Мы также боимся того, какие у Клео планы на финал.

Глава 19. Прошлое: Конец

Поскольку в последние недели мы работали не покладая рук и даже несколько раз оставались на ночь, всем казалось, что съемки будут окончены строго по графику. Небольшое чудо. Ну или чудо среднего калибра. Следует отдать должное организаторским способностям Дэна и Валентины – лидеры из этой парочки что надо. Сокращающиеся бюджетные резервы также для всех послужили отличным стимулом.
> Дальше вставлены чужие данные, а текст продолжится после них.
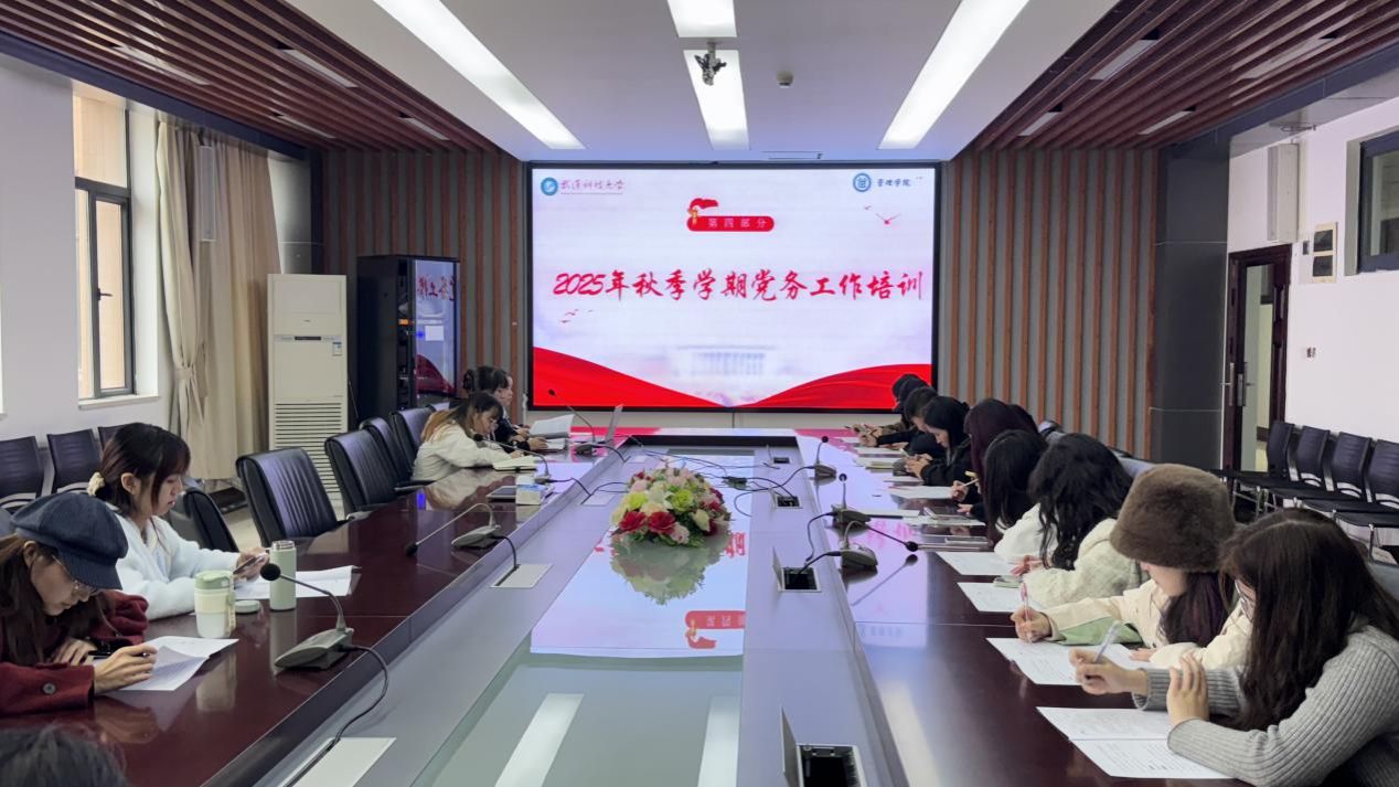 (通讯员:吴雅雯)10月30日中午,我们学生党总支于80315会议室开展2025年秋季学期党务工作培训会,会议由党务秘书王云鹤主持,红色青春党员服务站成员和全体党支部书记参加。

Наконец-то завершив съемки сцен ночной погони, мы должны были начать в 14:00 в последний день съемок.

Парой дней ранее, во время короткой встречи после ночных съемок, Клео настояла на том, чтобы мы сначала сняли заключительную сцену, а уж потом – предпоследнюю. Ей казалось, что было бы уместно закончить съемки нашего фильма в классе, а затем отпраздновать там. Она также прагматично отнеслась к вопросу подготовки ресурсов: постановочные эффекты с убийством явно потребовали бы больше времени на подготовку; лучше уж снять все с толком и расстановкой сейчас, а потом уж с легкой душой добить не напрягающий ничем финал. Валентина, конечно же, не стала перечить этому настоятельному предложению, граничащему с требованием: она ведь безоговорочно доверяла Клео в таких делах и уже даже шутила о том, что ее мечта провести съемки в соответствии с хронологией сценария «погибла безвозвратно».

Активное составление дневного расписания от Клео стало первым из двух необычностей, предшествовавших нашему последнему дню (с переходом в ночь) на съемочной площадке. Вторым событием было приглашение Клео на поздний завтрак.

Я встретил ее в маленькой закусочной в Северном Кингстоне, в получасе езды от школы. Утром вторника в заведении было немноголюдно. У главного прилавка и в кабинках битком набилось седовласых старожилов, хлебавших кофе и клевавших тосты по крошке за час: куда спешить, если еще свежая газета не прочитана? Нам милостиво дозволили сесть где угодно, так что мы выбрали кабинку в глубине зала.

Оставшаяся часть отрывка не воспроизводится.